(Entries taken from a collection)
····················

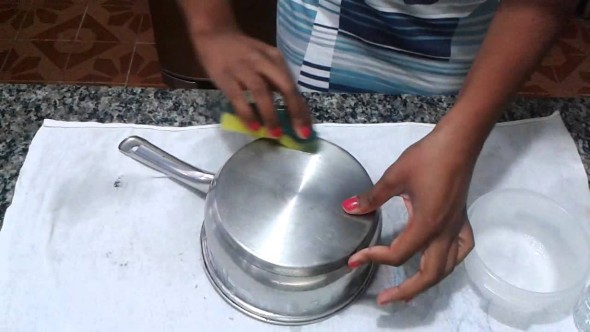 Caso a panela tenha ficado tempo demais no fogo, o bicarbonato também é um aliado para remover esta sujeira. Isso pode ser feito aplicando um pouco de pó com uma esponja umedecida em água na área manchada, e com um pouco de pressão toda sujeira vai sair. Caso seja necessário despeje um pouco de bicarbonato e água quente na panela, e deixe agir por cerca de 10 minutos, e isso vai ajudar na remoção da sujeira acumulada.
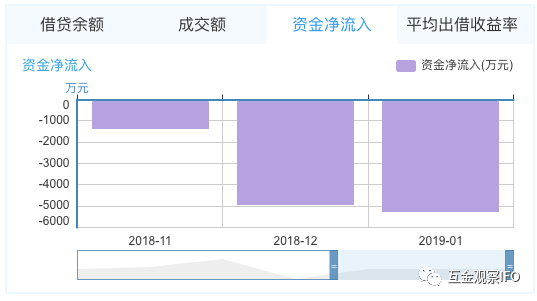 不僅如此,從2018年11月迄今,也即泰然金融提交IPO招股書之后,泰然金融的資金凈流出明顯加劇。2018年11月、12月及2019年1月,3個月間,泰然金融資金凈流入金額分別為-1400萬元、-4946萬元和-5268萬元。
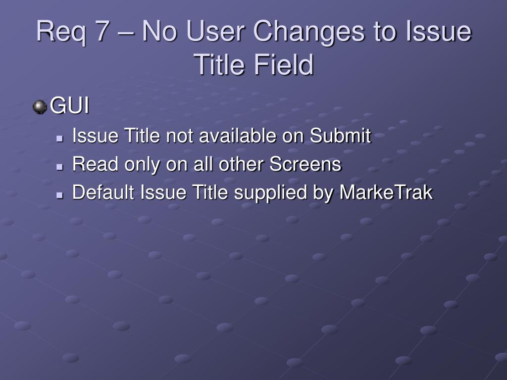 Req 7 – No User Changes to Issue Title Field • GUI • Issue Title not available on Submit • Read only on all other Screens • Default Issue Title supplied by MarkeTrak
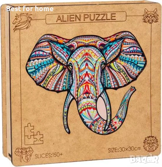Alien Puzzle Дървен пъзел с форма на животно 4 вида-вълк, тигър, слон и лъв Цена 1 брой-28лв. Описание на продукта
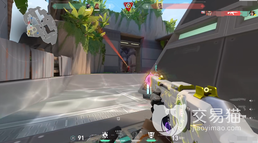 而第一人称拿在手里的话它的外观就稍微有一些变化了,枪身虽然依然是大片的白色,但泛出的光芒却变成了紫色,而且这个紫色它并不是静止的,而是在枪身上来回进行游动的,通过这种游动你能感觉到这把枪仿佛有自己的生命一般,玩起来也会更加带感。
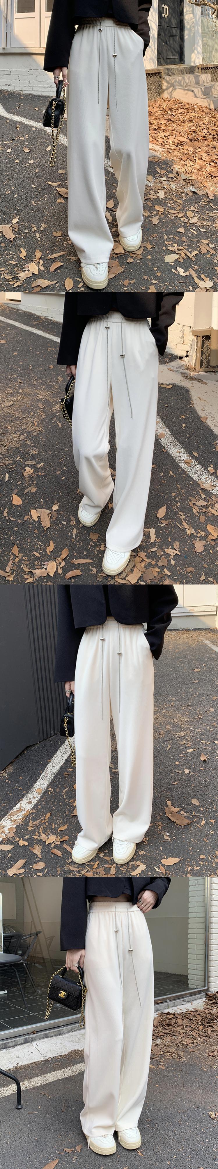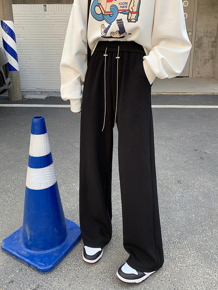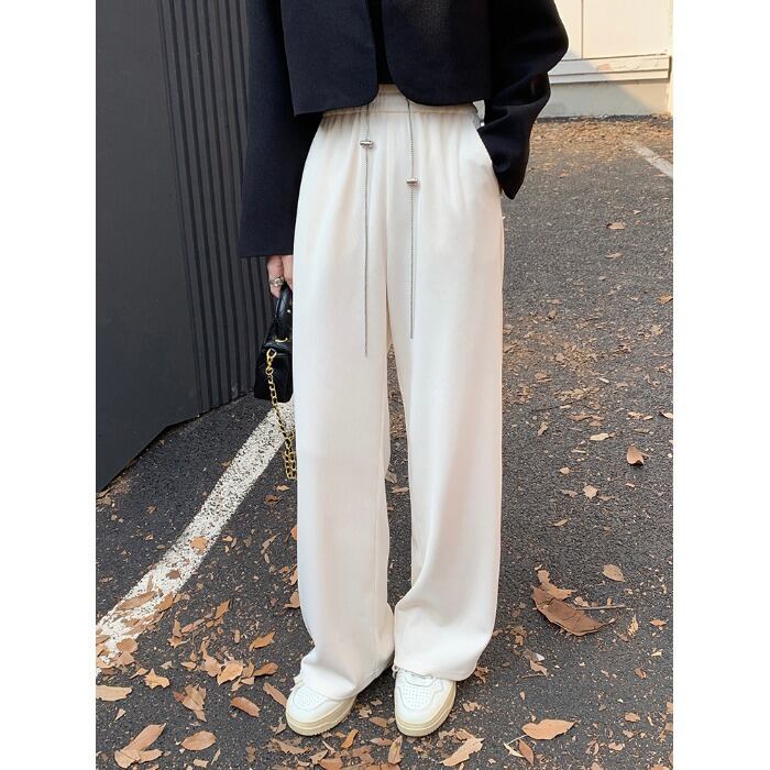 チェーン ギャザーブラックカジュアルパンツ オータムルーズワイドレッグハイウェストウェストロング 秋物 ワイドパンツ 10/5 秋冬 オータム ウインター ナチュラル mi4617818492867

····················

§ **Task**: You need to restate all of the entries above exactly and leave the pictures behind.

§ **Solution**:
 Caso a panela tenha ficado tempo demais no fogo, o bicarbonato também é um aliado para remover esta sujeira. Isso pode ser feito aplicando um pouco de pó com uma esponja umedecida em água na área manchada, e com um pouco de pressão toda sujeira vai sair. Caso seja necessário despeje um pouco de bicarbonato e água quente na panela, e deixe agir por cerca de 10 minutos, e isso vai ajudar na remoção da sujeira acumulada.
 不僅如此,從2018年11月迄今,也即泰然金融提交IPO招股書之后,泰然金融的資金凈流出明顯加劇。2018年11月、12月及2019年1月,3個月間,泰然金融資金凈流入金額分別為-1400萬元、-4946萬元和-5268萬元。
 Req 7 – No User Changes to Issue Title Field • GUI • Issue Title not available on Submit • Read only on all other Screens • Default Issue Title supplied by MarkeTrak
Alien Puzzle Дървен пъзел с форма на животно 4 вида-вълк, тигър, слон и лъв Цена 1 брой-28лв. Описание на продукта
 而第一人称拿在手里的话它的外观就稍微有一些变化了,枪身虽然依然是大片的白色,但泛出的光芒却变成了紫色,而且这个紫色它并不是静止的,而是在枪身上来回进行游动的,通过这种游动你能感觉到这把枪仿佛有自己的生命一般,玩起来也会更加带感。
 チェーン ギャザーブラックカジュアルパンツ オータムルーズワイドレッグハイウェストウェストロング 秋物 ワイドパンツ 10/5 秋冬 オータム ウインター ナチュラル mi4617818492867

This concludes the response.